(Records contained in a dataset)

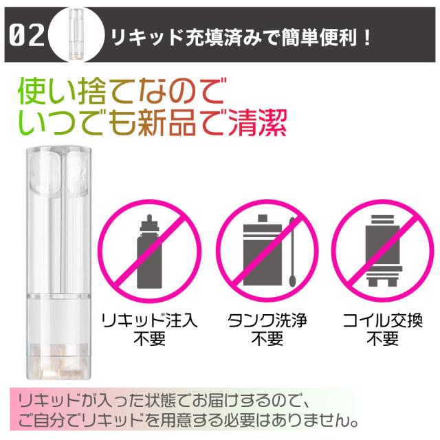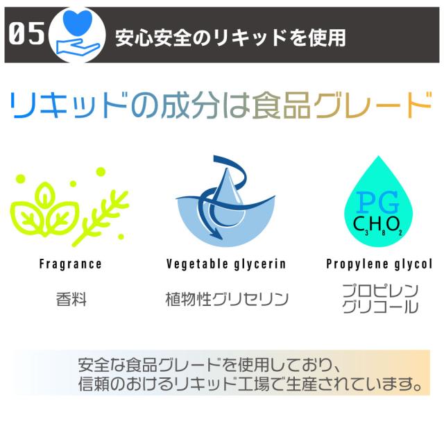 リキッドのメイン成分は天然植物性グリセリン、プロピレングリコール、香料と安全性に最大限配慮しており、当然ながらニコチンやタール等は一切含まれていません。また、本体は耐熱性に優れた食品級の樹脂素材でできており、液漏れを防ぐとともに危険な物質を摂取してしまう心配もありません。
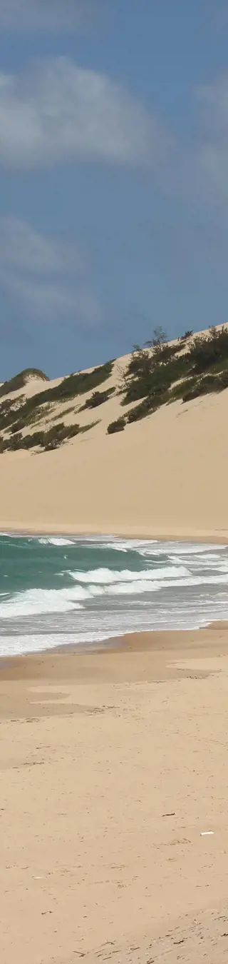 Wir biegen entlang der Küste nach Süden zu einer abgelegenen Fischerhütte am Strand nördlich der Stadt Xai-Xai ab. Die Lodge liegt an den Küstendünen und bietet einen herrlichen Blick auf den umliegenden natürlichen Busch und den weitläufigen Strand. Bei Ebbe liegt ein langes felsiges Riff parallel zum Strand, wodurch ein flacher, ruhiger Pool entsteht, der ideal zum Schnorcheln und Schwimmen geeignet ist. Für unsere letzte Nacht am Strand geniessen wir einen Fisch Braai (Grill) im Lodge-Restaurant mit Blick auf den Indischen Ozean.
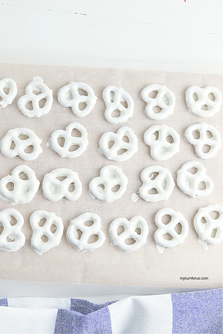 Place the coated pretzels on a piece of parchment or wax paper and allow them to cool and harden, around 30 minutes.
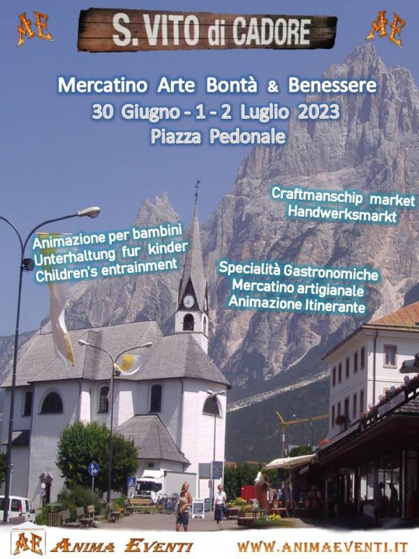Mercatino Arte Bontà e Benessere a San Vito Di Cadore dal 30 giugno al 2 luglio 2023
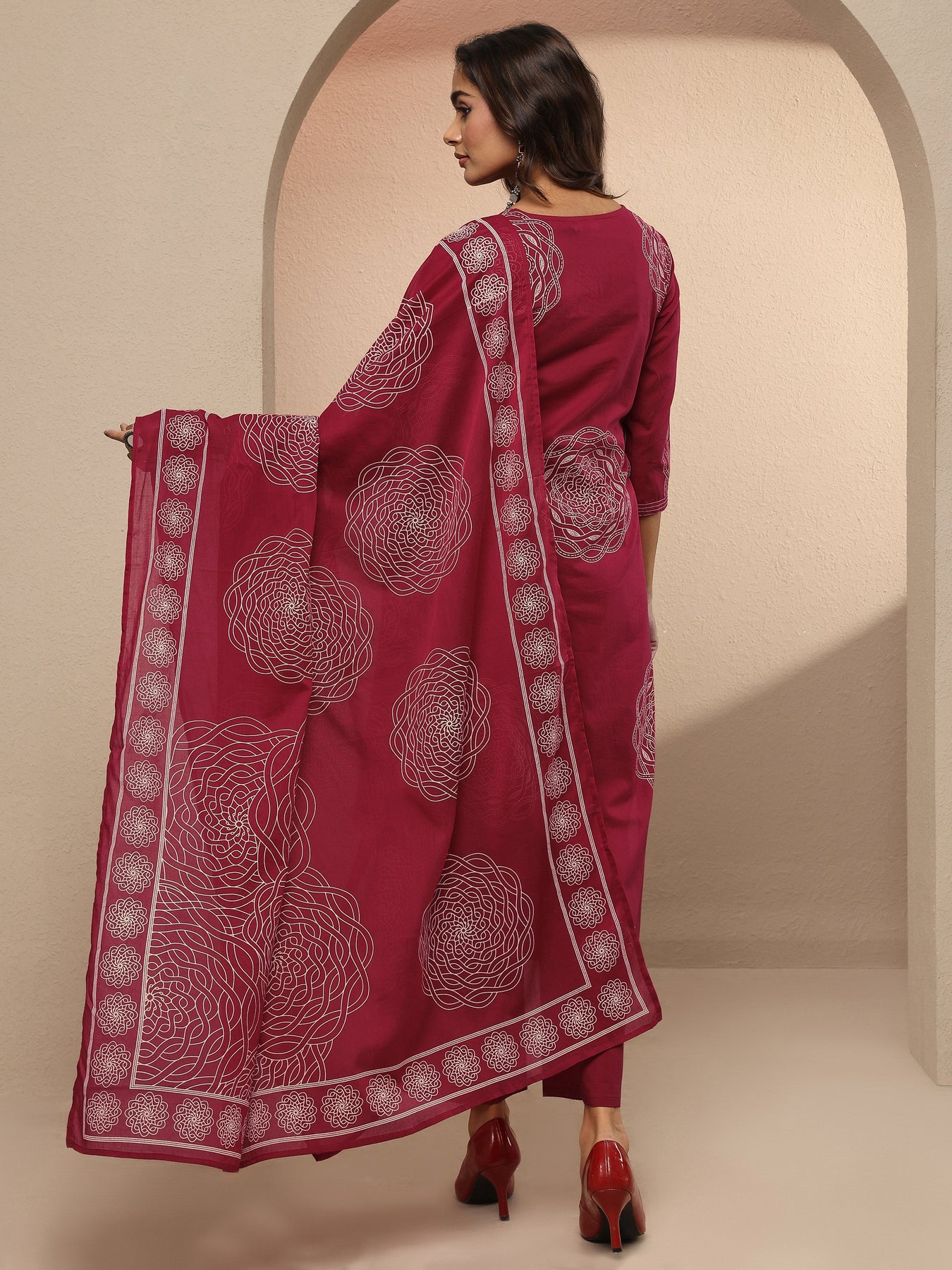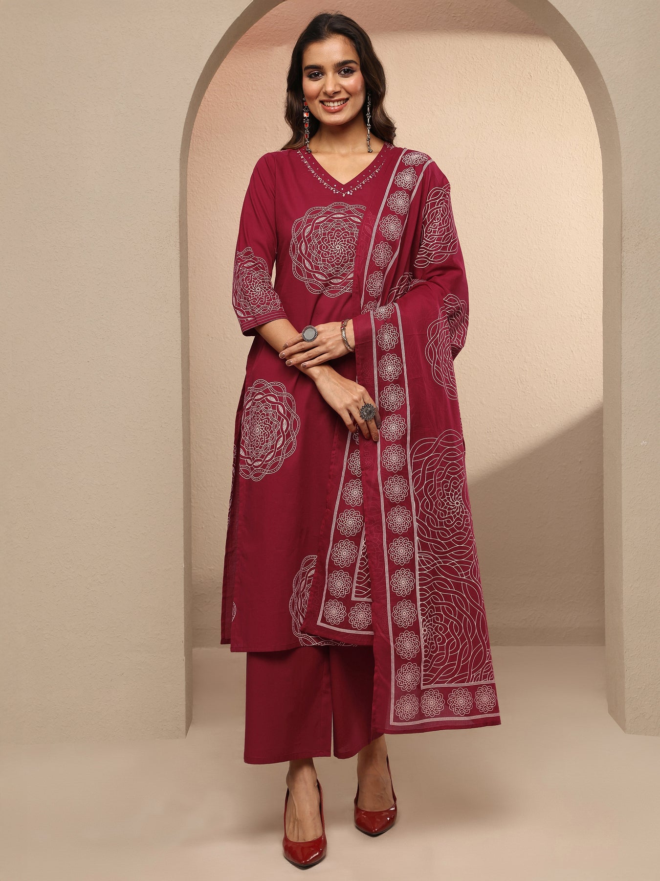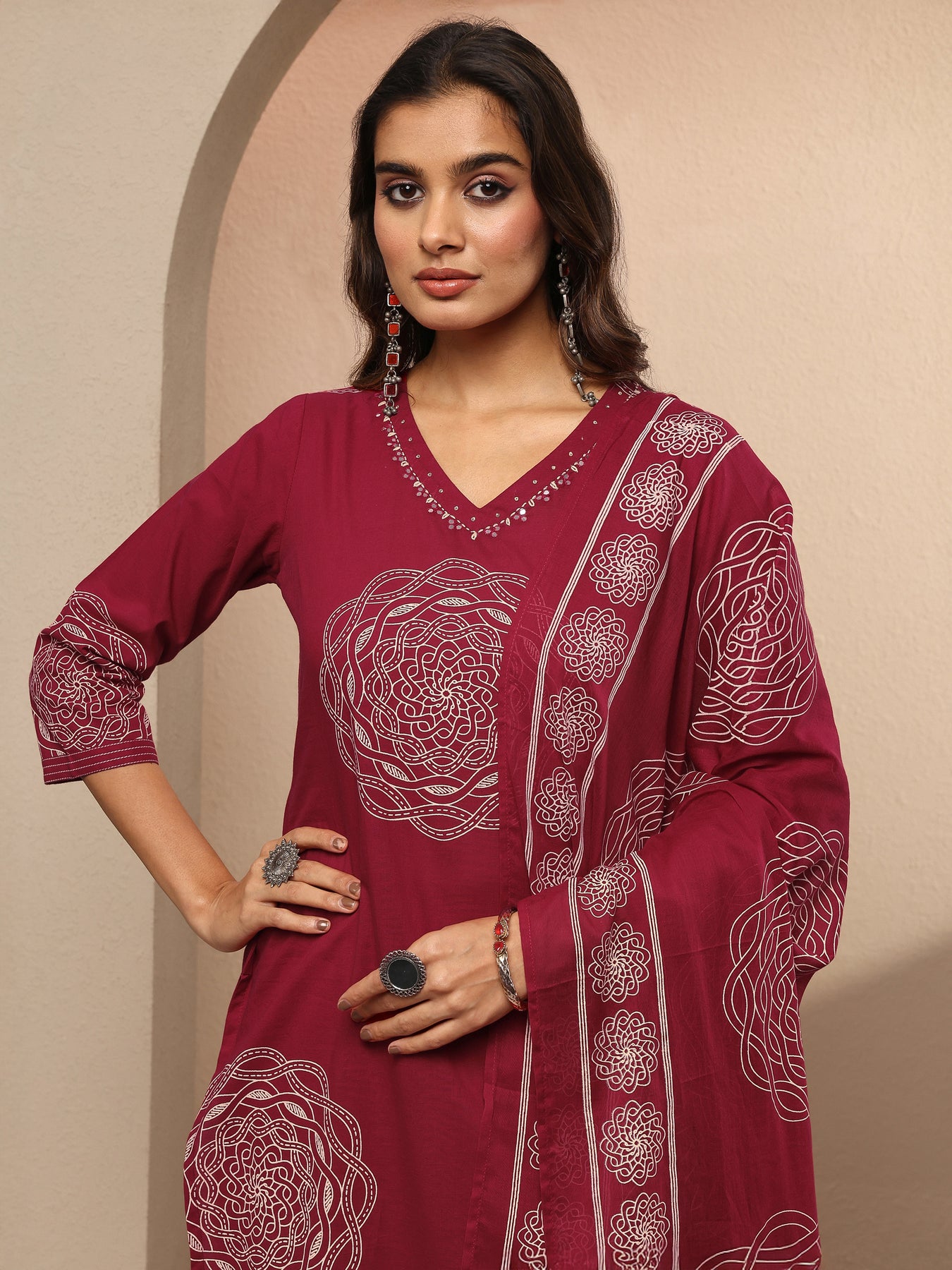 Our 3-piece maroon cotton kurta set features a straight-fit design with a V-neckline, regular sleeves, and statement yoke. Complemented with straight pants with a partially elasticated waistband and 2 pockets, and an Printed dupatta. Adorned with geometric Printed, this style is perfect for Dark Festive.
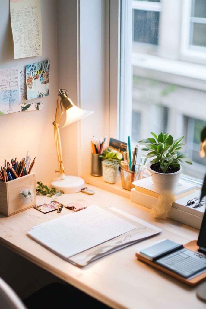 Your desk is your study headquarters, so make it functional and inspiring. Add a desk lamp with good lighting for late-night study sessions. Use desk organizers, pen holders, and file folders to keep supplies tidy and accessible.
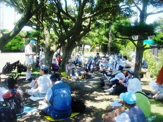 | コース:辻堂駅→土打公園→長久保公園→引地川川辺の散歩道→鵠沼運動公園(昼食・ウォーキング教室)→サーフビレッジ→新江ノ島水族館横くら げ広場(解散)…片瀬江ノ島駅 |
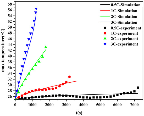 The simulation calculation of the maximum surface temperature of a single battery at four discharge rates of 0.5C, 1C, 2C, and 3C is compared with the temperature rise experiment. The results are shown in Figure 5. The simulation temperature rise results of the battery are basically consistent with those obtained in the temperature rise experiment. The maximum surface temperature is 29.1 °C, 32.8 °C, 43.1 °C, and 56.5 °C, respectively. Compared with the corresponding simulation results, the maximum temperature difference during discharge is 2.0 °C, 1.4 °C, 0.8 °C, and 1.8 °C, respectively. The temperature difference is less than 2 °C, which fully indicates that the numerical simulation of the battery temperature field thermal model used in this paper can well reflect the actual heat generation of lithium-ion power batteries.
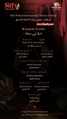 مونودراما امرأة في ورطة مسرحية مأخوذة عن نص عالمي لداريو فو وفرانكا راما يظهرها طاقم العمل بشكل مختلف من خلال إعدادها بتصور فني جديد.

WHAT YOU SHOULD DO> Each record above is to be returned unchanged, while any picture it holds stays out.

WRITTEN ANSWER>
 リキッドのメイン成分は天然植物性グリセリン、プロピレングリコール、香料と安全性に最大限配慮しており、当然ながらニコチンやタール等は一切含まれていません。また、本体は耐熱性に優れた食品級の樹脂素材でできており、液漏れを防ぐとともに危険な物質を摂取してしまう心配もありません。
 Wir biegen entlang der Küste nach Süden zu einer abgelegenen Fischerhütte am Strand nördlich der Stadt Xai-Xai ab. Die Lodge liegt an den Küstendünen und bietet einen herrlichen Blick auf den umliegenden natürlichen Busch und den weitläufigen Strand. Bei Ebbe liegt ein langes felsiges Riff parallel zum Strand, wodurch ein flacher, ruhiger Pool entsteht, der ideal zum Schnorcheln und Schwimmen geeignet ist. Für unsere letzte Nacht am Strand geniessen wir einen Fisch Braai (Grill) im Lodge-Restaurant mit Blick auf den Indischen Ozean.
 Place the coated pretzels on a piece of parchment or wax paper and allow them to cool and harden, around 30 minutes.
Mercatino Arte Bontà e Benessere a San Vito Di Cadore dal 30 giugno al 2 luglio 2023
 Our 3-piece maroon cotton kurta set features a straight-fit design with a V-neckline, regular sleeves, and statement yoke. Complemented with straight pants with a partially elasticated waistband and 2 pockets, and an Printed dupatta. Adorned with geometric Printed, this style is perfect for Dark Festive.
 Your desk is your study headquarters, so make it functional and inspiring. Add a desk lamp with good lighting for late-night study sessions. Use desk organizers, pen holders, and file folders to keep supplies tidy and accessible.
 | コース:辻堂駅→土打公園→長久保公園→引地川川辺の散歩道→鵠沼運動公園(昼食・ウォーキング教室)→サーフビレッジ→新江ノ島水族館横くら げ広場(解散)…片瀬江ノ島駅 |
 The simulation calculation of the maximum surface temperature of a single battery at four discharge rates of 0.5C, 1C, 2C, and 3C is compared with the temperature rise experiment. The results are shown in Figure 5. The simulation temperature rise results of the battery are basically consistent with those obtained in the temperature rise experiment. The maximum surface temperature is 29.1 °C, 32.8 °C, 43.1 °C, and 56.5 °C, respectively. Compared with the corresponding simulation results, the maximum temperature difference during discharge is 2.0 °C, 1.4 °C, 0.8 °C, and 1.8 °C, respectively. The temperature difference is less than 2 °C, which fully indicates that the numerical simulation of the battery temperature field thermal model used in this paper can well reflect the actual heat generation of lithium-ion power batteries.
 مونودراما امرأة في ورطة مسرحية مأخوذة عن نص عالمي لداريو فو وفرانكا راما يظهرها طاقم العمل بشكل مختلف من خلال إعدادها بتصور فني جديد.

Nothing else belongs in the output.